Abstract
Nowadays Human Computer Interaction (HCI) can also be achieved with voice user interfaces (VUIs). To enable devices to communicate with humans by speech in the user's own language, low-cost language portability is often discussed and analysed. One of the most time-consuming parts for the language-adaptation process of VUI- capable applications is the target-language speech-data acquisition. Such data is further used in the development of VUIs subsystems, especially of speech-recognition and speech-production systems. The tempting idea to bypass a long-term process of data acquisition is considering the design and development of an automatic algorithms, which can extract the similar target-language acoustic from different language speech databases.
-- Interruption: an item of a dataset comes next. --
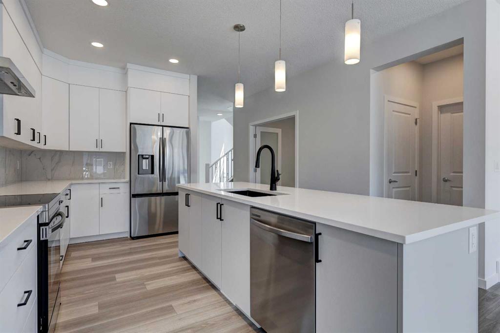 Welcome to the stunning Newbrook by Excel Homes, where thoughtful design, modern upgrades, and energy-efficient construction come together to create the perfect family home. Boasting 2271 SF & nestled on a quiet street , while being zoned R-G with a separate side entrance and rough-ins for a future 2 bedroom legal suite (subject to city approvals)—making it as versatile as it is beautiful. From the moment you step inside, the open-to-above foyer sets a dramatic tone, inviting you into the expansive main floor where oversized windows fill every corner with natural light. The open-concept plan is anchored by a gorgeous kitchen, featuring a large central island, an abundance of crisp white cabinets and drawers, a pantry, and a convenient broom closet—ideal for both everyday living and entertaining. The adjacent flex room is perfectly placed for a home office, playroom, or study, while the mudroom off the garage keeps things organized. Nine-foot knockdown ceilings and luxury vinyl plank flooring add style and function throughout the main level. Upstairs, the thoughtful layout continues with four generous bedrooms, including a luxurious primary retreat with a stunning five-piece ensuite and a walk-in closet. The vaulted ceiling in the bonus room and the open-to-below design add architectural flair, creating an airy, elegant feel on the upper level. The basement offers even more potential with its separate side entrance and suite rough-ins, giving you the opportunity to develop a legal secondary suite (with city permits & approvals) down the road. Every detail of this home has been upgraded for comfort and efficiency, including thermally-fused cabinetry, stone countertops in the kitchen and all bathrooms, dual sinks in both the ensuite and main bath, pot lighting throughout, a gas line for your BBQ, Ecobee thermostat, HRV, solar panel rough-in, and more. Built to Built Green® standards, this home not only saves you money on utilities but also reduces your environmental footprint—all while delivering the exceptional quality and craftsmanship that Excel Homes is known for. Don’t miss your chance to own this incredible property, designed to fit your family’s lifestyle today and for years to come.

This paper focus on the cross-lingual phoneme mapping between an under-resourced and a well-resourced language. It proposes a novel automatic phoneme-mapping technique that is adopted from the speaker-verification field. Such a phoneme mapping is further used in the development of the HMM-based speech-synthesis system for the under-resourced language. The synthesised utterances are evaluated with a subjective evaluation and compared by the expert knowledge cross-language method against to the baseline speech synthesis based just from the under-resourced data. The results reveals, that combining data from well-resourced and under-resourced language with the use of the proposed phoneme-mapping technique, can improve the quality of under-resourced language speech synthesis.
U današnje vrijeme interakcija čovjeka i računala (HCI) može se ostvariti i putem govornih sučelja (VUIs). Da bi se omogućila komunikacija uređaja i korisnika putem govora na vlastitom korisnikovom jeziku, cesto se raspravlja i analizira o jeftinom rješenju prijevoda govora na razlicite jezike. Jedan od vremenski najzahtjevnijih dijelova procesa prilagodbe jezika za aplikacije koje podržavaju VUI je prikupljanje govornih podataka za ciljani jezik. Ovakvi podaci dalje se koriste za razvoj VUI podsustava, posebice za prepoznavanje i produkciju govora. Primamljiva ideja za izbjegavanje dugotrajnog postupka prikupljanja podataka jeste razmatranje sinteze i razvoja automatskih algoritama koji su sposobni izvesti slična akusticna svojstva za ciljani jezik iz postojecih baza razlicitih jezika. Ovaj rad fokusiran je na povezivanje medujezicnih fonema između oskudnih i bogatih jezičnih baza. Predložena je nova tehnika automatskog povezivanja fonema, usvojena i prilagođena iz područja govorne autentikacije. Ovakvo povezivanje fonema kasnije se koristi za razvoj sustava za sintezu govora zasnovanom na HMM-u za manje poznate jezike. Načinjene govorne izjave ocijenjene su subjektivnim pristupom kroz usporedbu međujezicnih metoda visoke razine poznavanja jezika u odnosu na sintezu govora načinjenu iz oskudne jezične baze. Rezultati otkrivaju da kombinacija oskudne i bogate baze jezika uz primjenu predložene tehnike povezivanja fonema može unaprijediti kvalitetu sinteze govora iz oskudne jezične baze.
Additional information
Notes on contributors
Tadej Justin
Tadej Justin Tadej Justin was born in 1983 in Ljubljana, Slovenia. In 2009 he obtained his B.Sc degree in electrical engineering from the University of Ljubljana, Faculty of Electrical Engineering. He currently works as Researcher at University of Ljubljana, Faculty of Electrical Engineering. His research interests include statistical modeling, emotional speech synthesis, emotional speech recognition and cross-language related speech technologies with a special focus on the Slovenian language.
France Mihelič
France Mihelič France Mihelič studied at the Faculty of Natural Sciences, Faculty of Economics and Faculty of Electrical Engineering all at the University of Ljubljana. There he received the B.Sc. degree in Technical Mathematics, the M.Sc. degree in Operational Research and the Ph.D. degree in Electrotechnical Sciences in 1976, 1979 and 1991, respectively. Since 1978 he has been a staff member at the Faculty of Electrical and Computer Engineering in Ljubljana, where he is Full Professor, and the Head of the Laboratory for Artificial Perception, Systems and Cybernetics. His research interests include Pattern Recognition, Speech Recognition and Understanding, Speech Synthesis and Signal Processing.
Janez Žibert
Janez Žibert Janez Žibert received his B.Sc. degree in mathematics in 1998 and the M.Sc. and Ph.D. degrees in electrical engineering from the University of Ljubljana in 2001 and 2006, respectively. He is currently working as an Associate Professor at the Faculty of Health Sciences at University of Ljubljana and as a Research Fellow at the ‘Andrej Marušič’ Institute at University of Primorska. His research interests include statistical modeling, pattern recognition, machine learning in general with focus on audio-signal and image data processing.